Collected data:
--*--

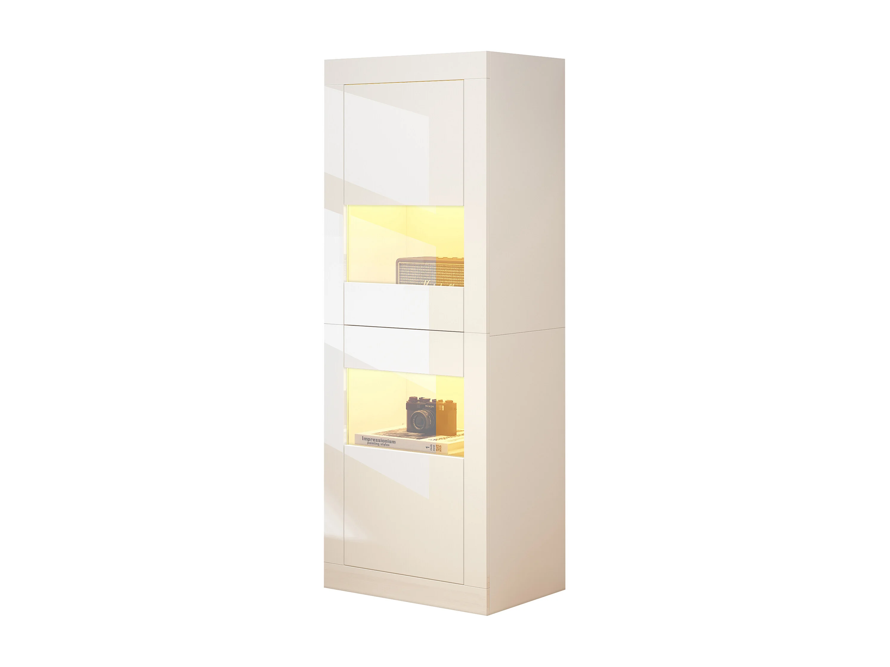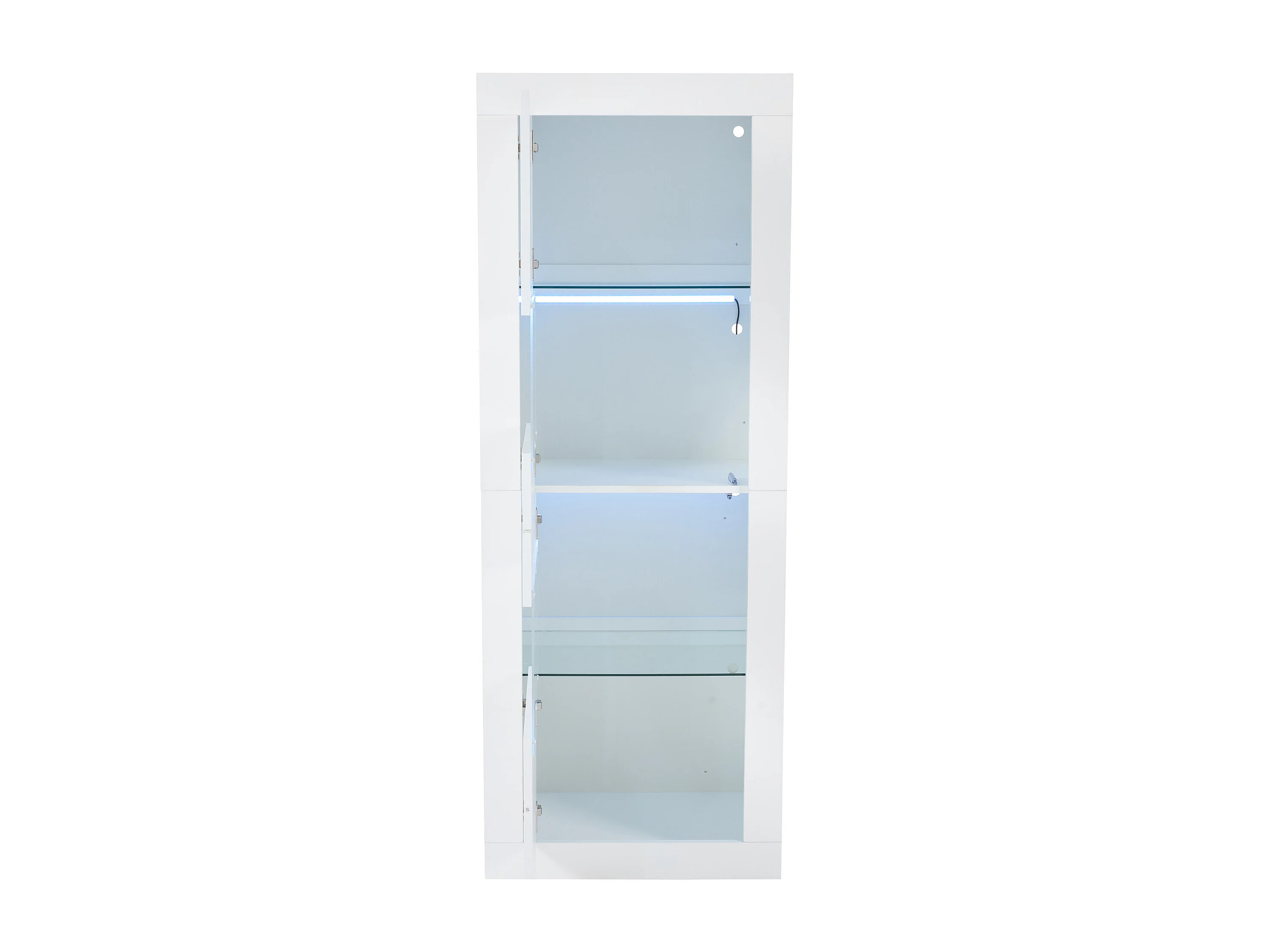 Vitrina de alto brillo con LED, 1 estante de cristal, tablero de partículas, blanco (61x42x162 cm)
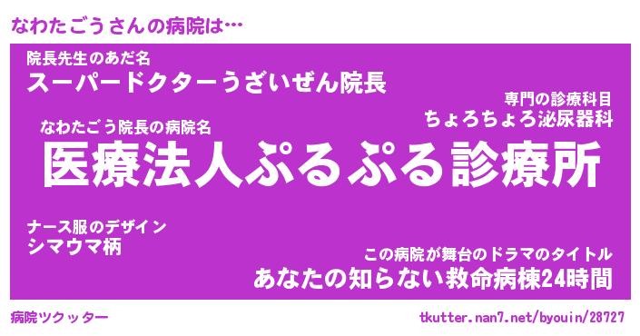 | ピコ太郎風あだ名 | 『ナコ二郎』『ピナ十郎』『ナワ六郎』 |
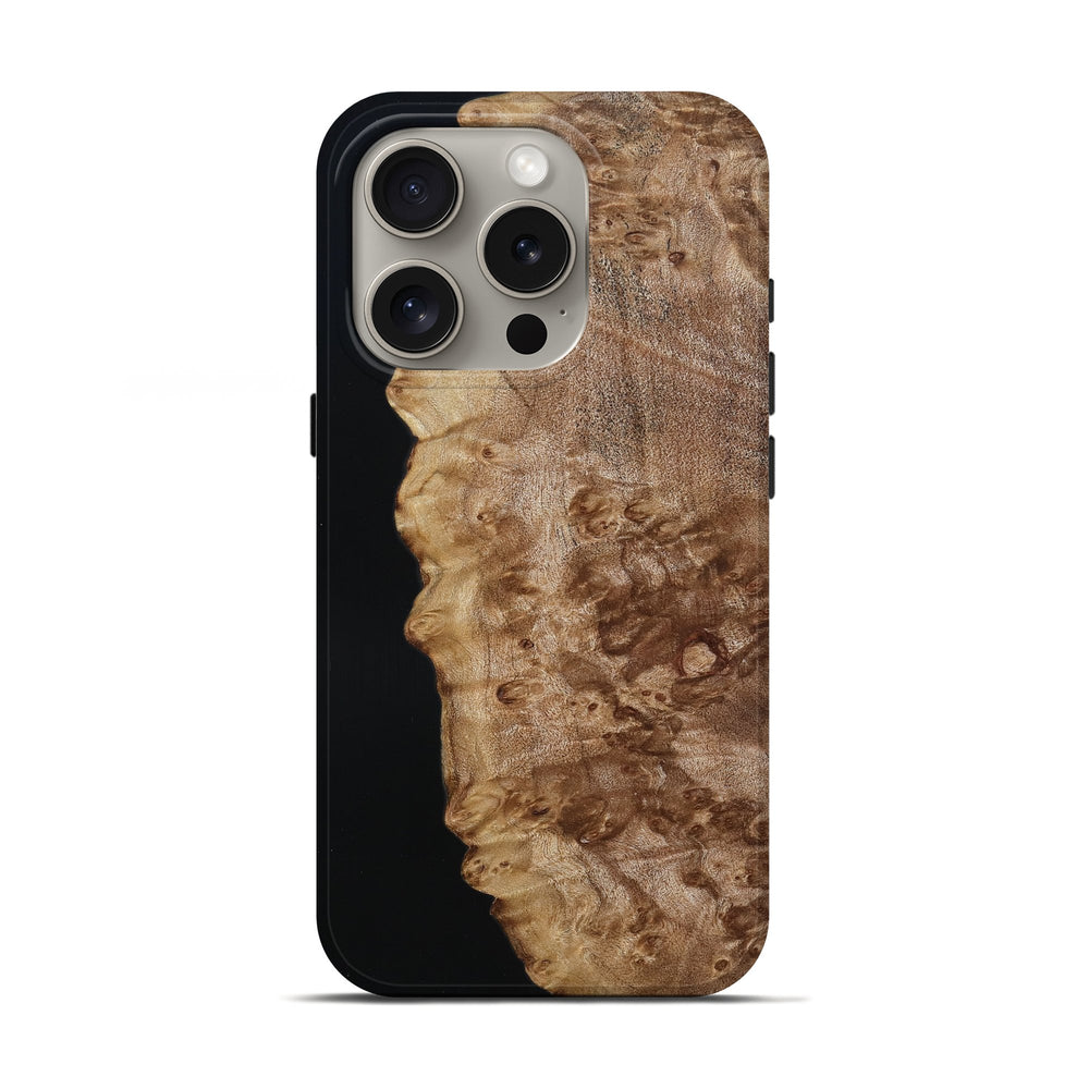 Our Live Edge cases are made from an amazing combination of stabilized wood burl and colored resin. Our stabilization process hardens the wood to protect against cracks and breaks. We do every step of the process at our shop in Northern Indiana. Perfectly fits the iPhone 16 Pro.
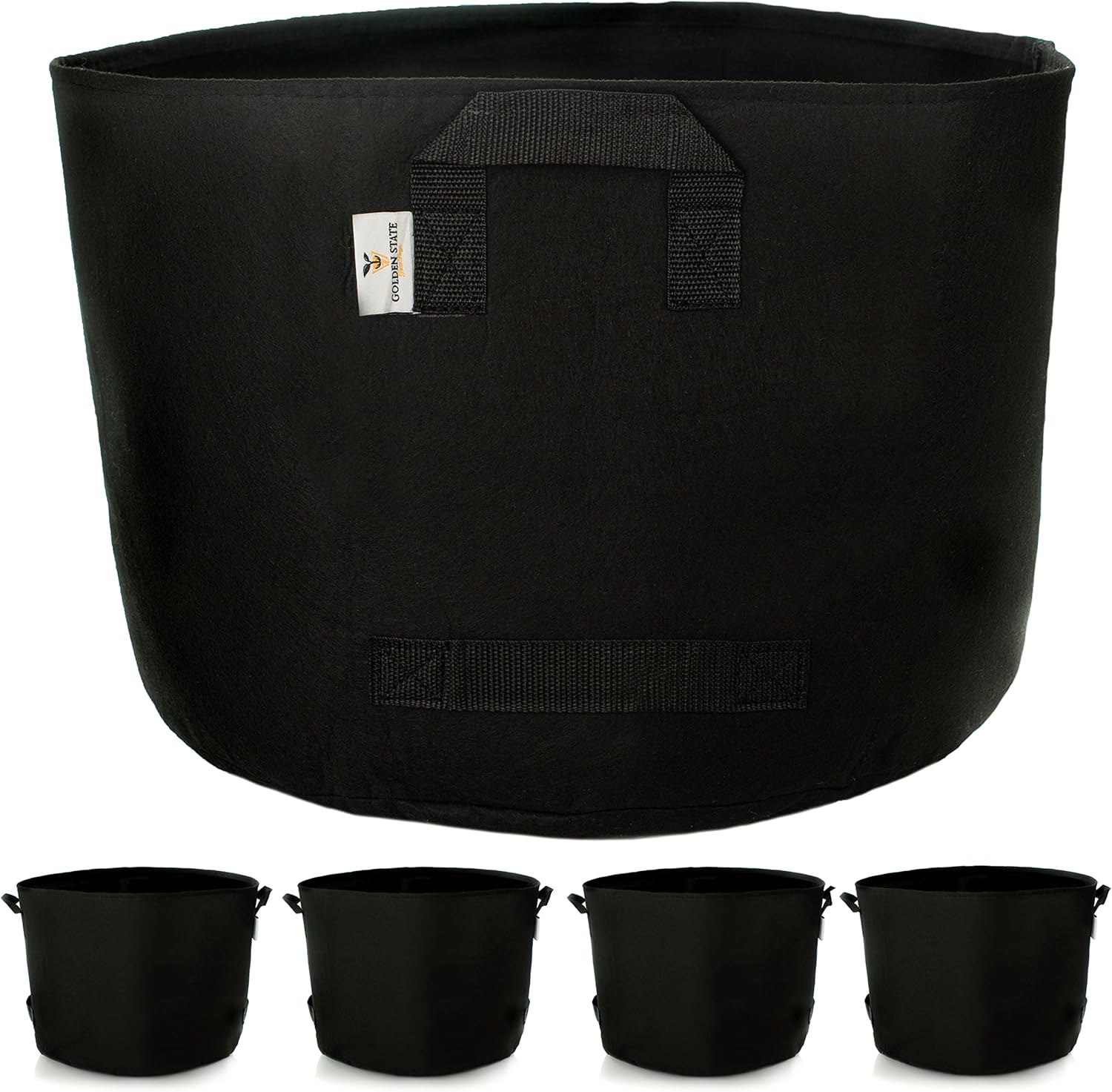 Grow Bags: 5-Pack (Size: 15 Gallon): 300gsm Black Felt Fabric, Biodegradable and eco-Friendly Material. (Handles + Dumping Handles-pat.Pend).
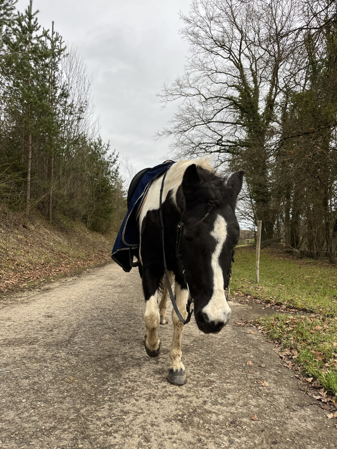 Nous de notre côté séance de plat hier sur les variations d amplitude. bon ponette pas top je le sens bloquée depuis un moment et moi j ai mal à gauche dans la hanche et je penche à droite (faut dire que j arrive plus à la plier à gauche non plus) . J ai pu monter avec ma selle d obstacle qui est restée plus ou moins en place mais comme ponette plonge en avant en ce moment, que je suis mal positionnée bah elle a avancé je dois changer l arcade car la noire non c est pas possible . Ce qui me rassure c est qu en ce moment ça faisait pareil avec la mixte aussi . J avais décidé de ne mettre qu un réhausseur avant et bien je vais repartir sur mon amortisseur complet avec la rehausse avant depuis que je le met plus je pense que c est pire . En attendant qu’on voit l osteo je vais rester à pied . Je vais juste retenter la selle avec les modifications et après on attendra car ponette me fait la tête qui plus est quand je dois seller (peu importe la selle) donc quelque chose ne va pas c est certain . Ça nous fera du bien de se retrouver un peu à pied. Pendant les vacances elle en fera que deux balades en compagnie d’une jeune fille de l’écurie et ça sera très bien après stop on prend un peu de repos .
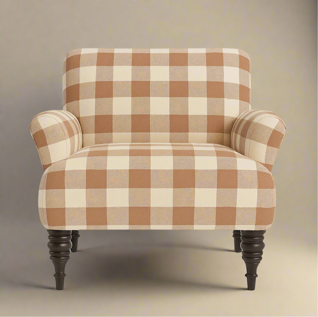 This charming armchair brings a warm, countryside elegance to any room with its soft Gingham plaid upholstery. Whether placed in a sunlit reading nook or a cozy living room corner, this piece invites comfort and quiet moments, making it the perfect blend of style and relaxation.
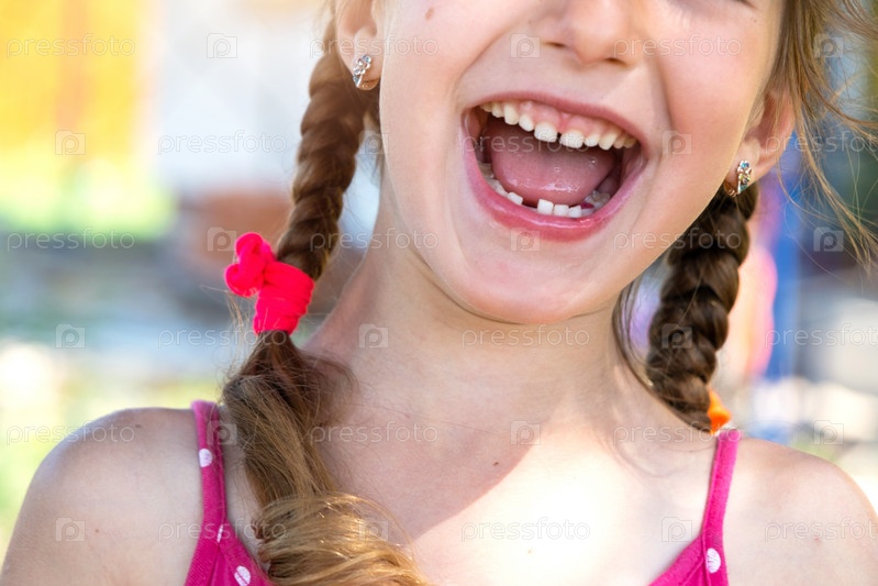 Беззубая счастливая улыбка девушки с выпавшим нижним молочным зубом крупным планом. Смена зубов на моляры в детстве

--*--

- THE TASK
Only the lines from the top of the records through the line with "ピコ太郎風あだ名 | 『ナコ二郎』『ピナ十郎』『ナワ六郎』 |" belong in the copy; write them out exactly, leaving out pictures.

- RESULT FOR THIS EXERCISE
 Vitrina de alto brillo con LED, 1 estante de cristal, tablero de partículas, blanco (61x42x162 cm)
 | ピコ太郎風あだ名 | 『ナコ二郎』『ピナ十郎』『ナワ六郎』 |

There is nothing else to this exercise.